### WHAT IS EXPECTED
What you return should be only the lines in the entries below between the one holding "J.S. Corrugating Machinery" and the one holding "La veilleuse si", ends included, with every picture left out.

### INFORMATION
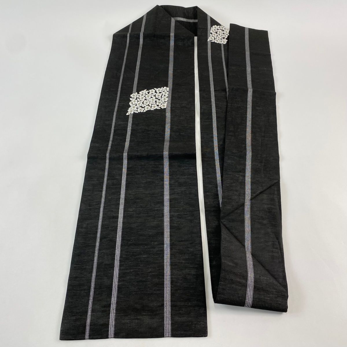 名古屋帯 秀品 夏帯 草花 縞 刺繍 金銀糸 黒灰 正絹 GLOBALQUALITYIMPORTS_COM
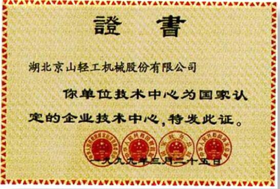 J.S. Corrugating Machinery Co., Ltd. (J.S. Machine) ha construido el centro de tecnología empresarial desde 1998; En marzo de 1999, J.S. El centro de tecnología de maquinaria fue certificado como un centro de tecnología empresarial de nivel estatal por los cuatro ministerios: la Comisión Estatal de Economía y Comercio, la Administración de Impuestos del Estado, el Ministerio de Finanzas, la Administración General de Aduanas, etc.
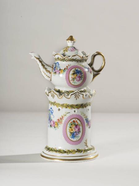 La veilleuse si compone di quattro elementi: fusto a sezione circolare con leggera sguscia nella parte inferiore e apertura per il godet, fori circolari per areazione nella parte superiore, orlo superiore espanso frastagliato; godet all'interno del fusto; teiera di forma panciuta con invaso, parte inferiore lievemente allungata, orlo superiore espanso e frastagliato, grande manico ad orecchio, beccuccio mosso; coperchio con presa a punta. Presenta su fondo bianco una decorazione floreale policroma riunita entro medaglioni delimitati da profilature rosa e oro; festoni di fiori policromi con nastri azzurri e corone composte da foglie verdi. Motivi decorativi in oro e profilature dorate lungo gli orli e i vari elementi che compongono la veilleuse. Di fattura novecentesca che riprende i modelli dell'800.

--

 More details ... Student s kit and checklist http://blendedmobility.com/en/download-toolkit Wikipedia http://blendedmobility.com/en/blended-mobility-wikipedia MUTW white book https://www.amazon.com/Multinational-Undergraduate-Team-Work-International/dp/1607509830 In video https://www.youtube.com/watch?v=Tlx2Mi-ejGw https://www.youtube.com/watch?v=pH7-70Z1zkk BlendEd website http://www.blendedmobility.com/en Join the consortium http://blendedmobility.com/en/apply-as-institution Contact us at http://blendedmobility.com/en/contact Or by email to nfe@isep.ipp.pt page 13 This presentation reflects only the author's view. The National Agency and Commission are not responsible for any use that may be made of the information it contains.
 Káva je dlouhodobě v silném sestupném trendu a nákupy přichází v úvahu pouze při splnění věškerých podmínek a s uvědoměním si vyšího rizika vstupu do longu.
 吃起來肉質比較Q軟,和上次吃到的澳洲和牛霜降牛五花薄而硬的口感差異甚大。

### EXERCISE SOLUTION
 J.S. Corrugating Machinery Co., Ltd. (J.S. Machine) ha construido el centro de tecnología empresarial desde 1998; En marzo de 1999, J.S. El centro de tecnología de maquinaria fue certificado como un centro de tecnología empresarial de nivel estatal por los cuatro ministerios: la Comisión Estatal de Economía y Comercio, la Administración de Impuestos del Estado, el Ministerio de Finanzas, la Administración General de Aduanas, etc.
 La veilleuse si compone di quattro elementi: fusto a sezione circolare con leggera sguscia nella parte inferiore e apertura per il godet, fori circolari per areazione nella parte superiore, orlo superiore espanso frastagliato; godet all'interno del fusto; teiera di forma panciuta con invaso, parte inferiore lievemente allungata, orlo superiore espanso e frastagliato, grande manico ad orecchio, beccuccio mosso; coperchio con presa a punta. Presenta su fondo bianco una decorazione floreale policroma riunita entro medaglioni delimitati da profilature rosa e oro; festoni di fiori policromi con nastri azzurri e corone composte da foglie verdi. Motivi decorativi in oro e profilature dorate lungo gli orli e i vari elementi che compongono la veilleuse. Di fattura novecentesca che riprende i modelli dell'800.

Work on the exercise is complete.